1 NameA - DirectionA=[[StreetA @ StreetB,[Lat,Long]], [StreetC @ StreetD,[Lat,Long]], ...]
1 NameA - DirectionB=[[StreetD @ StreetE,[Lat,Long]], [StreetF @ StreetG,[Lat,Long]], ...]
2 NameB - DirectionC=[[StreetH @ StreetI,[Lat,Long]], [StreetJ @ StreetK,[Lat,Long]], ...]
2 NameB - DirectionD=[[StreetL @ StreetM,[Lat,Long]], [StreetN @ StreetO,[Lat,Long]], ...]
.
.
.

With the Regex and Substitution,

RgX: ^([^,]*),([^,]*),([^,]*),(.*)
Sub: $2 - $3=[$1,[\4]]

Demo: https://regex101.com/r/gS9hD6/1

I have gotten this far:

1 NameA - DirectionA=[StreetA @ StreetB,[Lat,Long]]
1 NameA - DirectionA=[StreetC @ StreetD,[Lat,Long]]
1 NameA - DirectionB=[StreetE @ StreetF,[Lat,Long]]
1 NameA - DirectionB=[StreetG @ StreetH,[Lat,Long]]
2 NameB - DirectionC=[StreetI @ StreetJ,[Lat,Long]]
2 NameB - DirectionC=[StreetK @ StreetL,[Lat,Long]]
2 NameB - DirectionD=[StreetM @ StreetN,[Lat,Long]]
2 NameB - DirectionD=[StreetO @ StreetP,[Lat,Long]]

In a new regex, I tried splitting the above result on "=", but didn't know where to go from there.

I think one way to get the desired results would be to keep first unique instance of what's before "=", replace new line with "," and enclose it with a [..] to make it an array form.

Edit: There are about 10k stops (total), but only about 100 unique routes.

Edit 2: (maybe I am asking for too many changes now)

For first regex:

What if I want to use "\n" instead of "="?

At beginning of 2nd regex replacement,

What if I have only RouteName and StopName columns, like this: 1 NameA - DirectionA=[StreetA @ StreetB, ...]?
Similarly, what if I only have RouteName and Coordinates, like this: 1 NameA - DirectionA=[[Lat,Long]]?

You cant do the further part with only regex.. use a programming language and it will make your task very easy. — karthik manchala
– karthik manchala, Commented Oct 3, 2015 at 5:09
@karthikmanchala It can be done with 1 regex, applied multiple times :-) — Mariano
– Mariano, Commented Oct 3, 2015 at 6:00
@Mariano No it cant, if there are dynamic number of unique keys.
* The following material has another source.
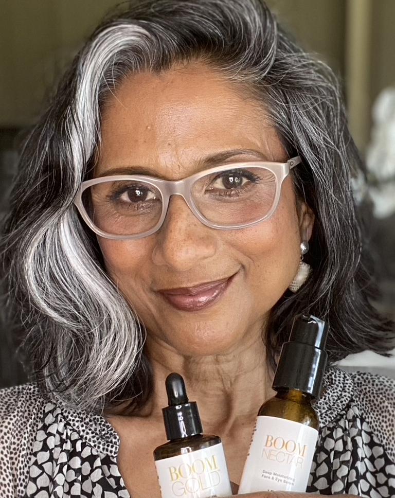 In this video, 60-year-old Jenny Johnson shows off a spa-like technique for applying our lightweight facial oil, Boom Gold, and our robust moisturizing serum, Boom Nectar.

In your answer you assumed there are only 2 keys.. and that could be 3 or more... :) check this — karthik manchala
– karthik manchala, Commented Oct 3, 2015 at 6:05
@karthikmanchala That's where you have to apply multiple times (same regex), described as step 3 in my answer. check this — Mariano
– Mariano, Commented Oct 3, 2015 at 6:06
@Mariano exactly.. what if i have 100 occurrences? or 500? 1000? thats where programming language and easy-to-do comes into play.. :) — karthik manchala
– karthik manchala, Commented Oct 3, 2015 at 6:09

Mariano · Accepted Answer · 2015-10-03 08:06:20Z

3

Steps

1. First replacement:

Find what: ^([^,]*),([^,]*),([^,]*),(.*)
Replace with: \2 - \3=[[\1,[\4]]]
Replace All

2. Second replacement:

Find what: ^[\S\s]*?^([^][]*=)\[\[.*\]\]\K\]\R\1\[(.*)\]$
Replace with: , \2]
Replace All

3. Repeat step 2 until there are no more occurences.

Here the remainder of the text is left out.